Upgrading in Linux shouldn't harm or rearrange anything in your bootloader
(although the same can't always be said for Windows installations!) so
moving to a newer long term support version should be good. I think
Barry's just advised a fresh install rather than an in place upgrade
though, and I have to admit I'm curious what sort of issues he's
encountered with upgrading.
The only distro that is remotely "standard" in IS terms in the University
is CentOS, and that's mostly because Dave Parkin (the IS support person in
Maths and Physics) has put the most effort into standardising and
documenting the use of Linux in his area.
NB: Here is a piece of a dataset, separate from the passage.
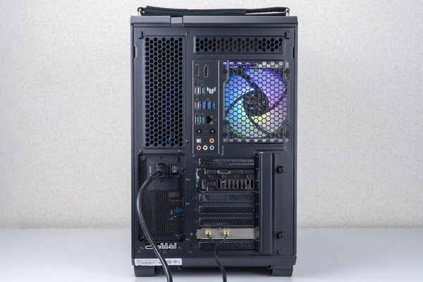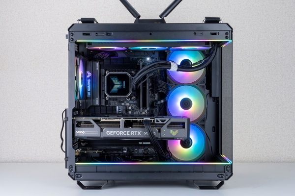 さらに、CPUの冷却性能と視覚効果を両立させるため、360mmラジエーターとLCDパネルを備えた簡易水冷クーラー「TUF GAMING LC III 360 ARGB LCD」を導入。内部には120mmのケースファン「TUF GAMING TR120 FAN ARGB REVERSE BLACK 3IN1」と「TUF GAMING TR120 FAN ARGB BLACK 3IN1」から計4基配置し、加えてガラス面の上下にライティングキット「GT502 Horizon ARGB Lighting Kit BLK」を装着して彩りを添えている。

He has created a PXE boot
installation, if you don't mind letting it build itself, and you don't
necessarily need a .deb tree versus an .rpm tree distribution. Dave's a
very nice chap who has recently become a RHCE (knows his stuff when it
comes to Linux!), so if you end up using Linux much at all, I'd strongly
suggest befriending him!
If you wish to try the CentOS distro he's set up, the "Boot Method"
setting must be changed to "Linux PXE Maths" in the University's System
Registrtation (sysreg) database. I or anyone in your local support team
(Engineering) can do this given your machine's registered name.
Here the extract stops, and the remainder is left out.